The compound thapsigargicin was screened from a series of SERCA inhibitors. The study in vitro showed that thapsigargicin induced cellular apoptosis by depletion of endoplasmic reticulum calcium ions and oxidative stress. The inhibitory effect of thapsigargicin on T-ALL was evaluated in cell lines and mouse model [46]. Thapsigargicin inhibits NOTCH1 mutated T-ALL cells more specifically than NOTCH1 wild-type T-ALL cells. However, severe dose-limited cardiotoxicity was observed, which limited the clinical application [47]. The folate conjugate named as JQ-FT combines folic acid with thapsigargicin through a cleavable bond to achieve leukemia-specific delivery of thapsigargicin. JQ-FT is a NOTCH1 inhibitor with a dual selectivity, targeting both NOTCH1 mutations and leukemia cells. In the xenograft model, JQ-FT inhibits NOTCH1-mutated T-ALL growth in vivo.

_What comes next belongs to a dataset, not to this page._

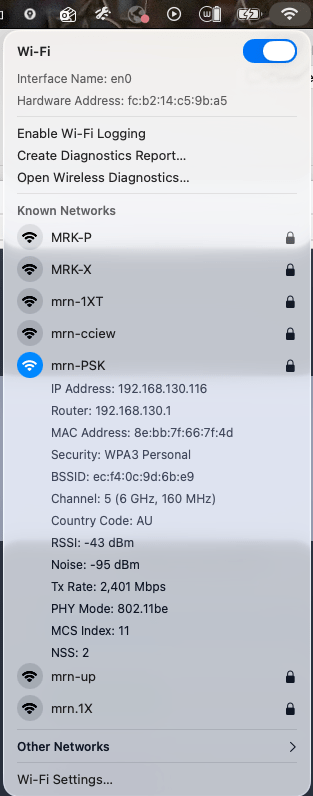 You can also get basic information by clicking the Wi‑Fi icon while holding the Option key. From here, you can view the MacBook’s MLD MAC address, PHY type, MCS index, and NSS details. You can see it is connecting using 802.11be, still no clear indication if that is MLO connection or not.
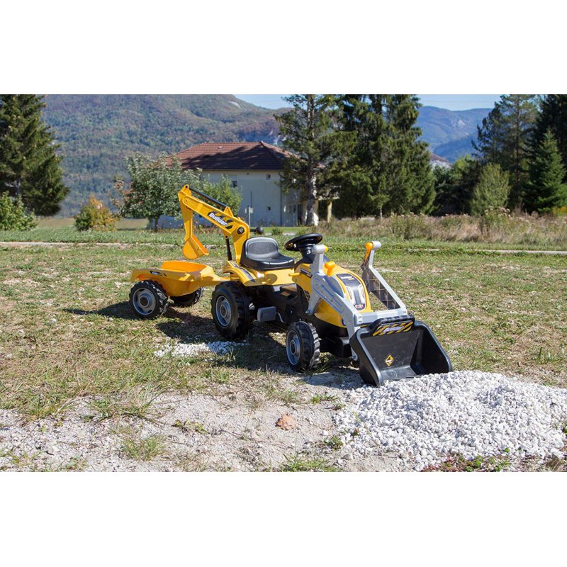 Traktorek posiada napęd na pedałki (mechanizm łańcuchowy) oraz skrętną przednią oś, za pomocą której dziecko może kierować całym zestawem. Dodatkowo został wyposażony w przyczepę jednoosiową oraz koparkę z tyłu i łyżkę z przodu, które urozmaicą dzieciom zabawę.

And the sensitivity of JQ-FT to cells in NOTCH1-mutated T-ALL is higher than that of NOTCH1 wild-type cells [47].

Clerodane diterpene casearin J (CJ), a natural SERCA inhibitor, mainly targets NOTCH1 HD domain mutant in T-ALL. Experiments in cell lines show that CJ can induce T-ALL cell death in the low molar concentration [48]. CJ reduces the level of ICN1 in T-ALL cells carrying NOTCH1 HD domain mutations, and this effect was significantly reduced in the cells with normal NOTCH alleles and juxtamembrane expansion mutations [49]. CJ can also cause slight activation of NF-κB. The combined treatment of CJ and NF-κB inhibitor, parthenolide, resulted in significant synergistic death of T-ALL cells [48].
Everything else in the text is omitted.